For the Estuary Festival 2021, Thamesmead Texas have commissioned two artist filmmakers to produce new works for a screening programme in response to the theme of Imperial Legacy, specific to the sub themes of territories’, land ownership and mobile populations. The two featured artist filmmakers: Asmita Shrish and Daniel Turner (Aka ‘The Gypsy Sculptor’) are deeply embedded in Thamesmead, with a history of either living or researching in the locality.
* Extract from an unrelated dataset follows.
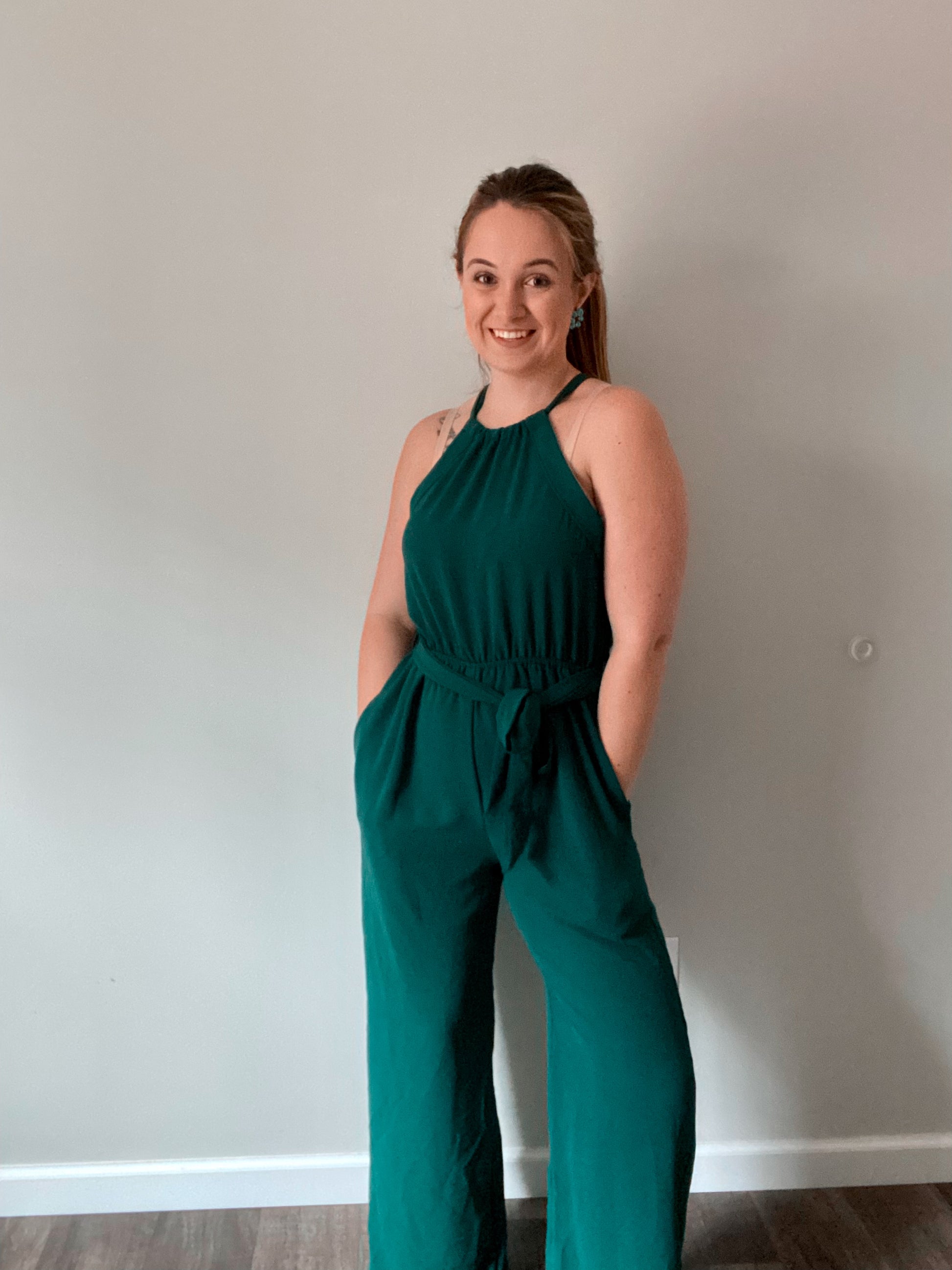 Green jumpsuit, true to size, elastic waist with a tie neck

Thamesmead Texas have supported both Asmita and Dan to produce and display the works for a curated film programme, alongside an accompanying series of short films of their choice, with works by: Farak Squad, Laxcha Bantawa and Maximus Limbu, for display from the Thamesmead Travelling Cinema, Lakeside Centre throughout the weekend of the Estuary Festival 29-30 May 2021. See more here.
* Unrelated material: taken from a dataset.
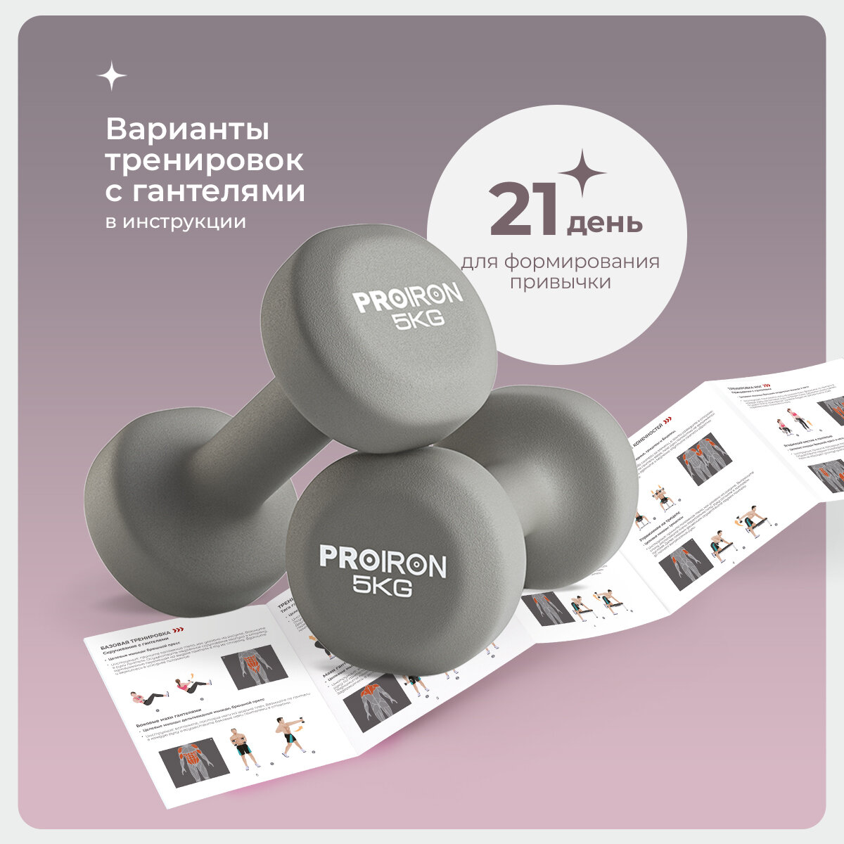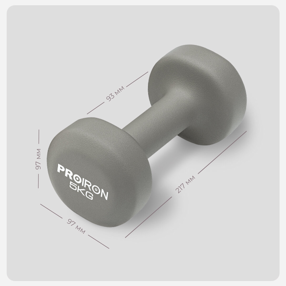 Гантели 5 кг 2 штуки неопреновые PROIRON, набор для фитнеса, серые информация:

Curated by Scully & Scully. Funded by Estuary Festival, Peabody and Bow Arts Trust.

Asmita Shrish has creates an intimate portrait of a group of local Nepalese women. These elderly women sit on the floor in their living room and discuss sisterhood and how they arrived in the UK as Gurkha widows. The Gurkha soldiers who have have served the British crown for 200 years and fought in every British battle since 1957 only won the right of British citizenship in 2004, these widows join as citizens of the UK to honour their husbands who passed away before winning this hard fought right.

Click here for interview with Asmita Shrish

ASMITA SHRISH is an independent filmmaker living in London for the past 10 years and deeply connected with the Nepali diaspora in the UK. Her filmmaking practice oscillates from documentaries to dramas, anchoring real issues and narratives to navigate and represent identity within physical and metaphysical space. Her films have always been the results of collaborations with the subjects/casts with particular attraction towards characters that are intimately close to their environment. She is endorsed by British Council and a recent beneficiary of the Sinchi Fund 2019/2020 as an emerging Indigenous filmmaker.